SOURCE DATA:
──────

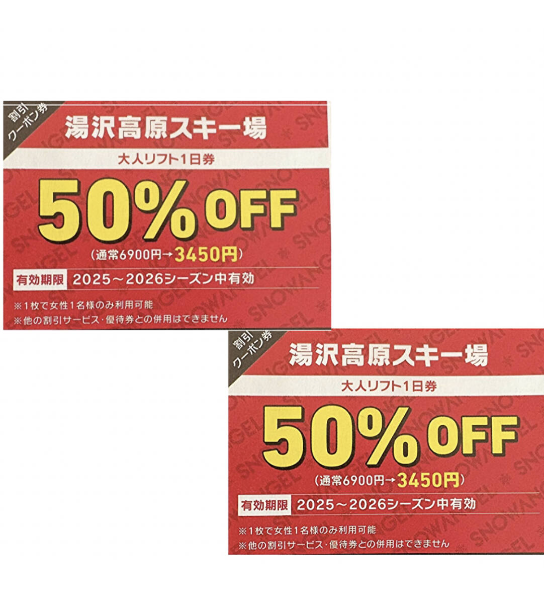 本券1枚で女性1名様分リフト半額券
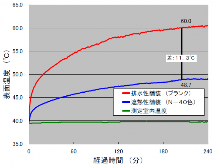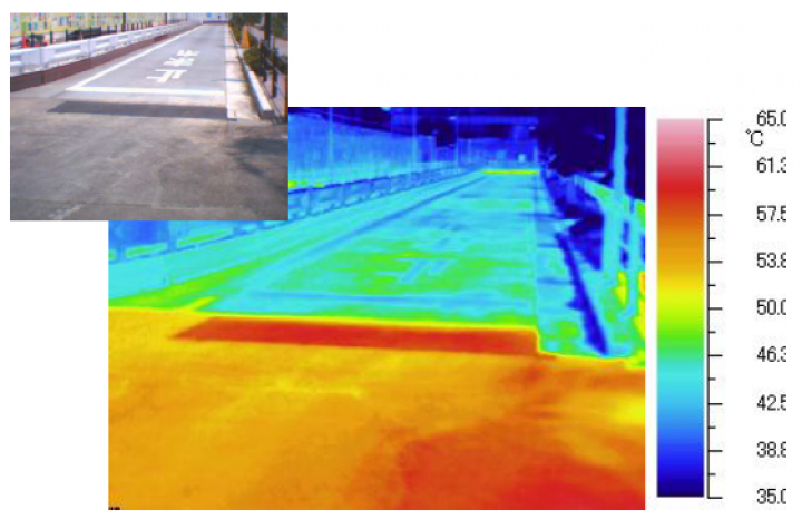 また、排水性舗装などに適用した場合には、舗装が有する透水機能や騒音低減効果と、路面温度の上昇抑制機能が両立する舗装となります。さらに、一般の 舗装よりも表面温度の上昇を抑制できるため、歩行者空間や沿道の熱環境の改善、ヒートアイランド現象の緩和が期待されます。
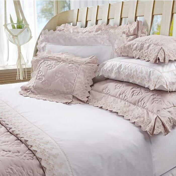 Jogo de Cama 200 Fios Bordado Tulip Branco com Rosa King - Marken Fassi
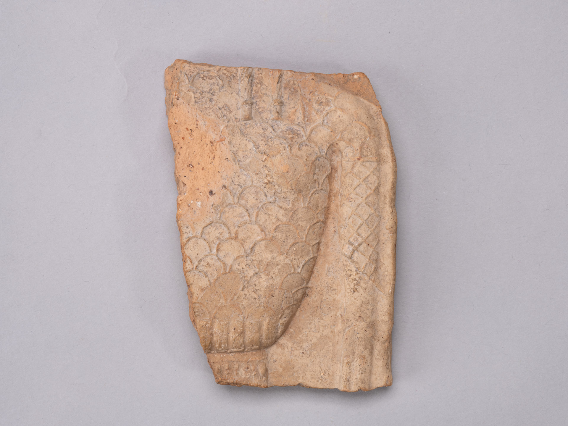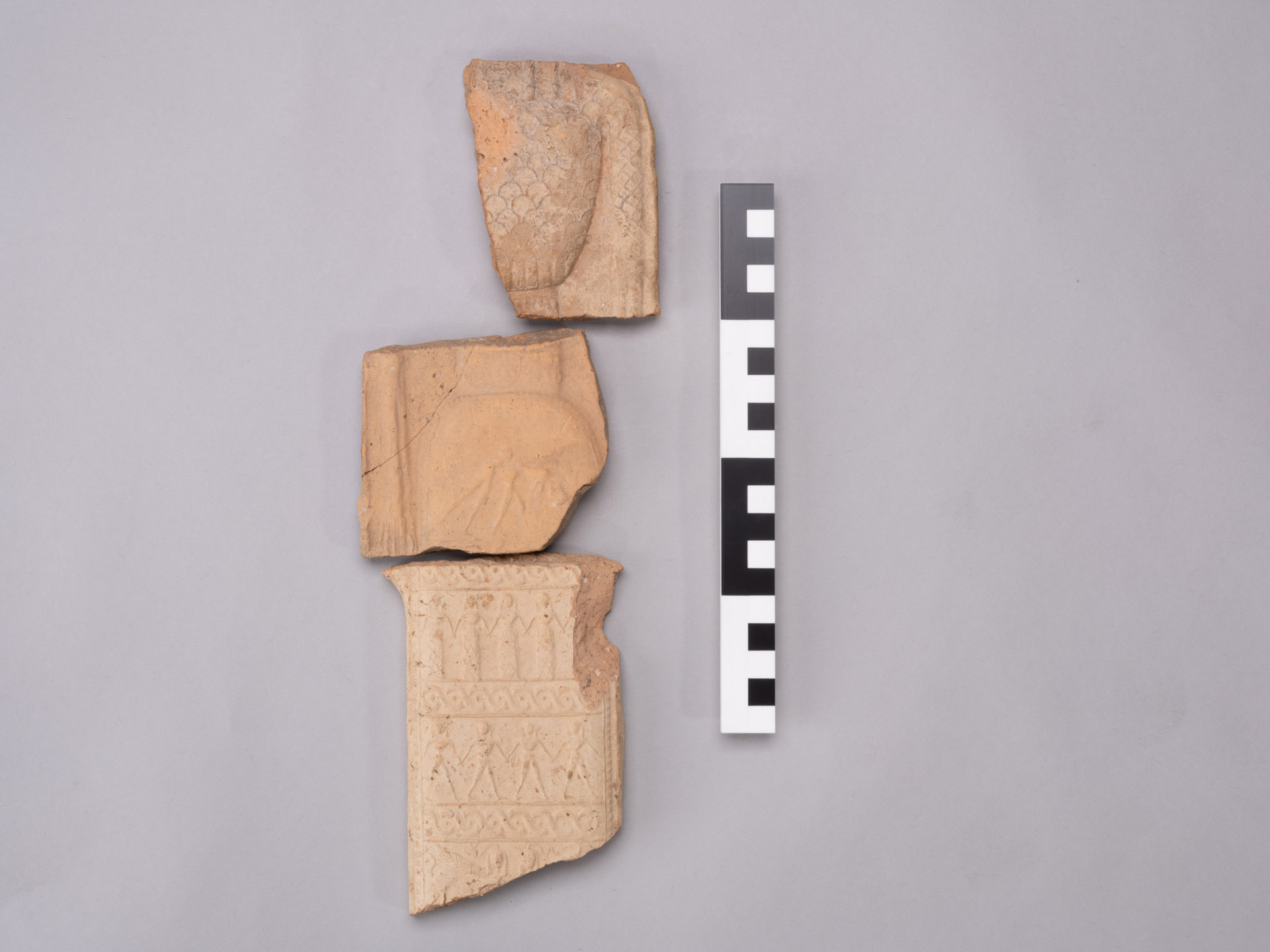 Fragments of a terracotta plaque (pinax) depicting a standing female figure. The first fragment preserves the upper part of the torso, covered by a garment decorated with an arcade motif, along which the

──────

AIM OF THE EXERCISE:
Pictures are not part of the copy. Reproduce the lines from the one with "また、排水性舗装などに適用し" through the end of the listing above.

YOUR SOLUTION:
 また、排水性舗装などに適用した場合には、舗装が有する透水機能や騒音低減効果と、路面温度の上昇抑制機能が両立する舗装となります。さらに、一般の 舗装よりも表面温度の上昇を抑制できるため、歩行者空間や沿道の熱環境の改善、ヒートアイランド現象の緩和が期待されます。
 Jogo de Cama 200 Fios Bordado Tulip Branco com Rosa King - Marken Fassi
 Fragments of a terracotta plaque (pinax) depicting a standing female figure. The first fragment preserves the upper part of the torso, covered by a garment decorated with an arcade motif, along which the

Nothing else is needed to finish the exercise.